_YOUR OBJECTIVE_
From the material below, please set down exactly the lines starting with the one with "raffia leather bucket mini bag" and going on through the one with "Make a lasting", without a single picture.

_STUDY MATERIAL_
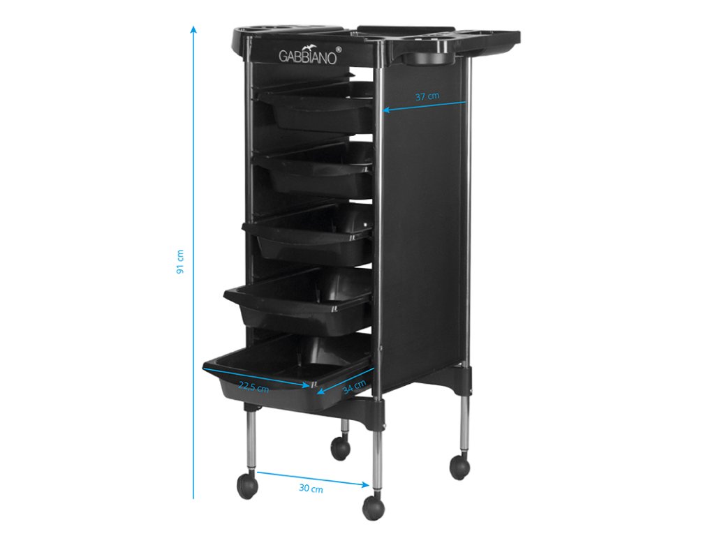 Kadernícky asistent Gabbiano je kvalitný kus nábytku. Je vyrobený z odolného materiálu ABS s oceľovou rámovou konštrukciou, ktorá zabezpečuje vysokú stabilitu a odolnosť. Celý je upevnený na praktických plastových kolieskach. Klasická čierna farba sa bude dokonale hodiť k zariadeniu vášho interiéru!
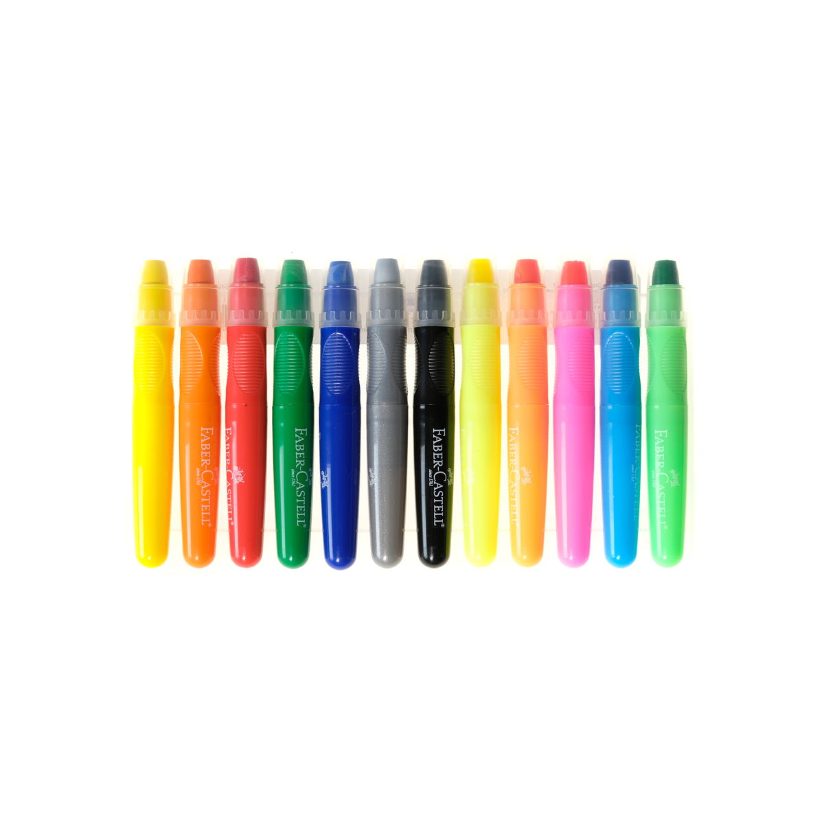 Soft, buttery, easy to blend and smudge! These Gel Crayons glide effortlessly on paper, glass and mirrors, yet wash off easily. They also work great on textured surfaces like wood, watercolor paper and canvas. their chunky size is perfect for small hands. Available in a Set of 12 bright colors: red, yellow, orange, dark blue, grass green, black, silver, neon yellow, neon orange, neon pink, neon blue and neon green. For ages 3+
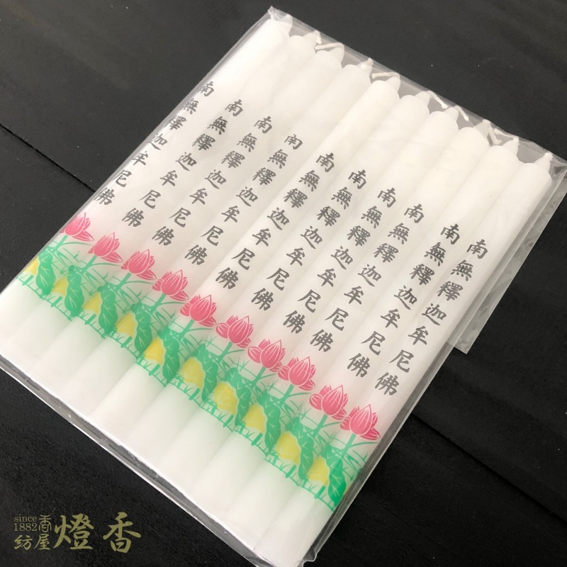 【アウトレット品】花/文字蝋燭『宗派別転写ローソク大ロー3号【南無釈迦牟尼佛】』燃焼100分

...

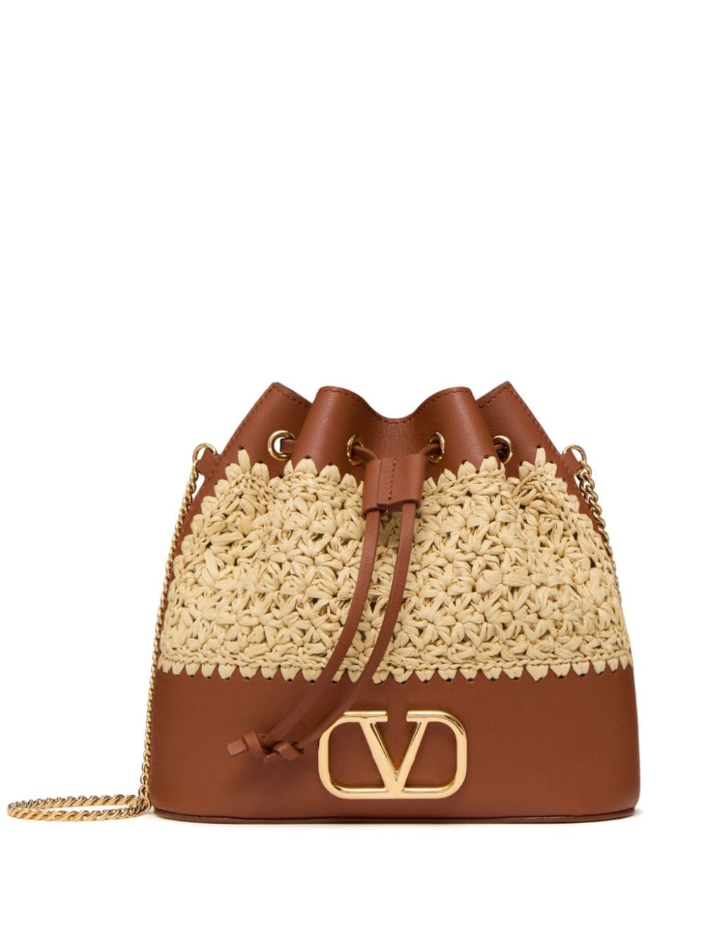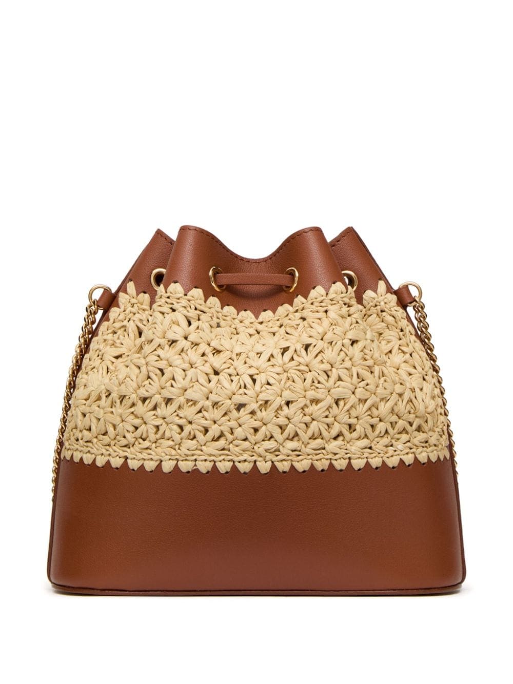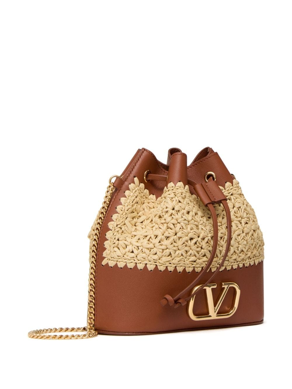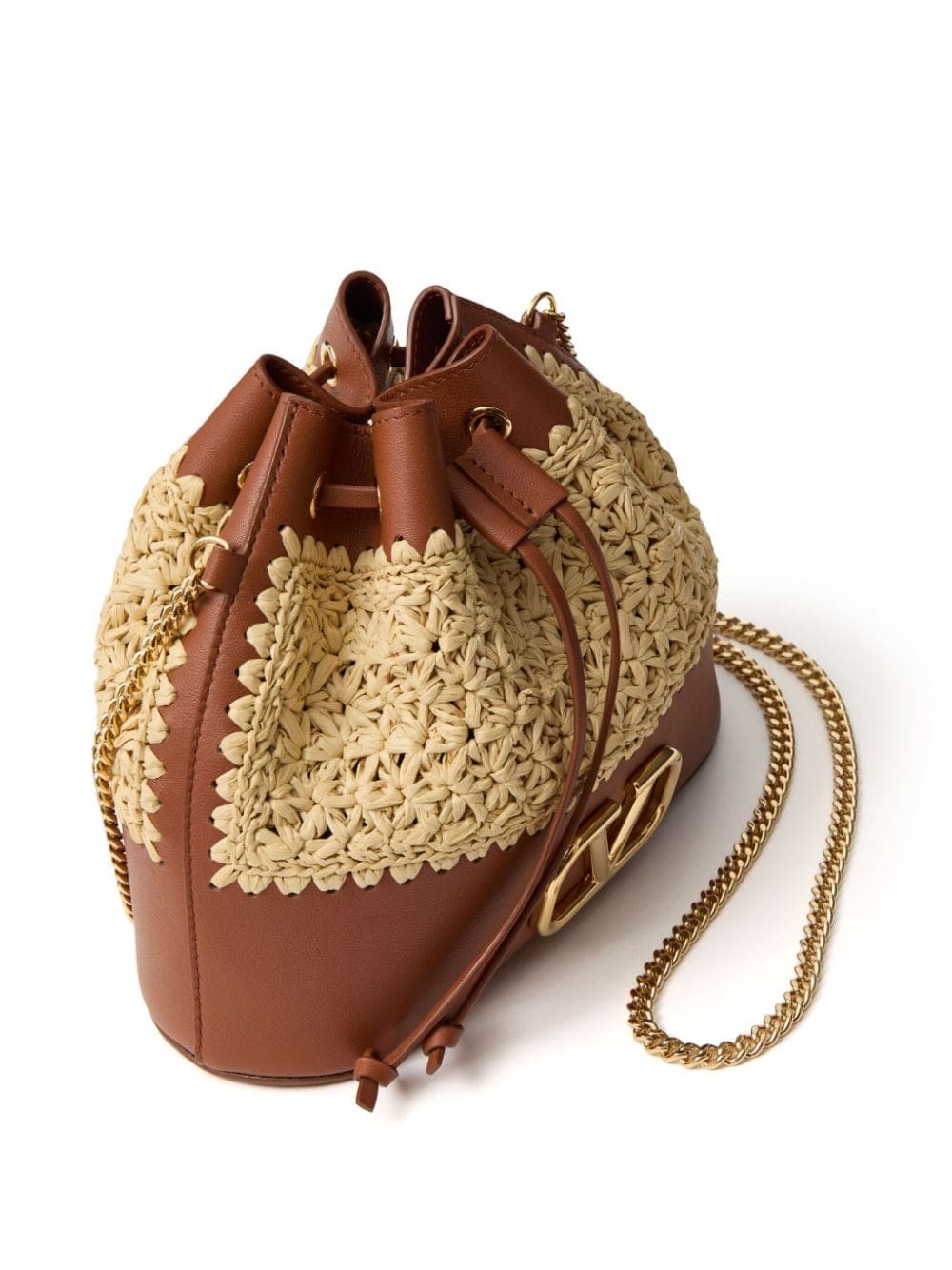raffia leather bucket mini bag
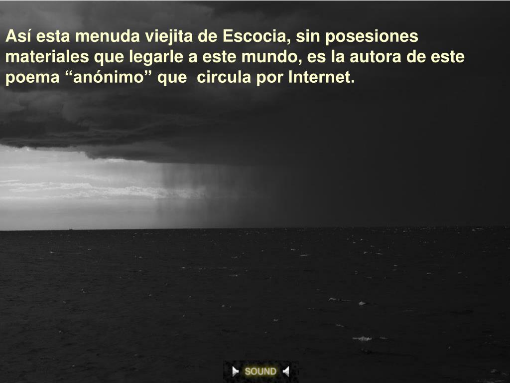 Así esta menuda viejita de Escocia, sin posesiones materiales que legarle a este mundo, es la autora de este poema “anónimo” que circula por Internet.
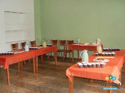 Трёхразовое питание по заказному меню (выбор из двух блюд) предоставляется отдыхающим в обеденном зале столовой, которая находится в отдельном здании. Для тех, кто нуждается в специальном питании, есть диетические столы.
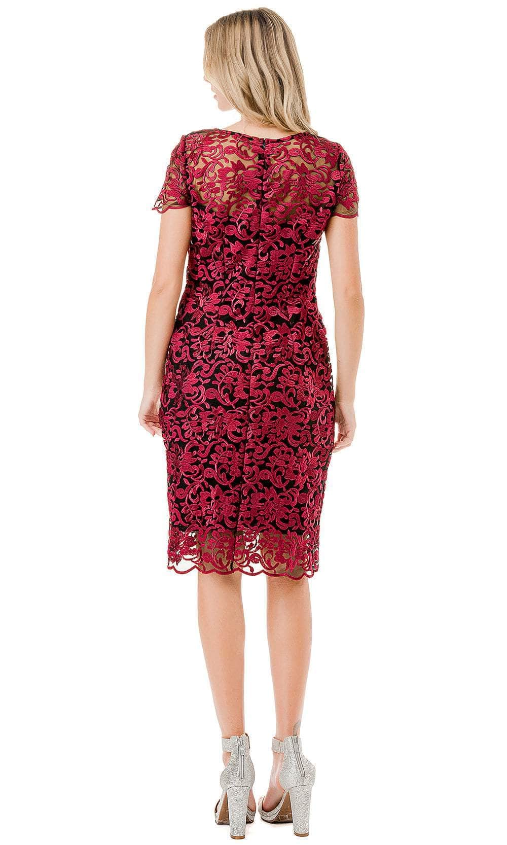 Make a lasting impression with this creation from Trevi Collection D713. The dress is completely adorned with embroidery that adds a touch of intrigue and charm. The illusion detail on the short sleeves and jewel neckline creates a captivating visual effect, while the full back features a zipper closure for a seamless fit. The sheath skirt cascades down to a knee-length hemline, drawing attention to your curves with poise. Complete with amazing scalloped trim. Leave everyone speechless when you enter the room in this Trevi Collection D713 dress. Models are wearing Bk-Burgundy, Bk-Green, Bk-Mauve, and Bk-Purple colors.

_ANSWER SECTION_
raffia leather bucket mini bag
 Así esta menuda viejita de Escocia, sin posesiones materiales que legarle a este mundo, es la autora de este poema “anónimo” que circula por Internet.
 Трёхразовое питание по заказному меню (выбор из двух блюд) предоставляется отдыхающим в обеденном зале столовой, которая находится в отдельном здании. Для тех, кто нуждается в специальном питании, есть диетические столы.
 Make a lasting impression with this creation from Trevi Collection D713. The dress is completely adorned with embroidery that adds a touch of intrigue and charm. The illusion detail on the short sleeves and jewel neckline creates a captivating visual effect, while the full back features a zipper closure for a seamless fit. The sheath skirt cascades down to a knee-length hemline, drawing attention to your curves with poise. Complete with amazing scalloped trim. Leave everyone speechless when you enter the room in this Trevi Collection D713 dress. Models are wearing Bk-Burgundy, Bk-Green, Bk-Mauve, and Bk-Purple colors.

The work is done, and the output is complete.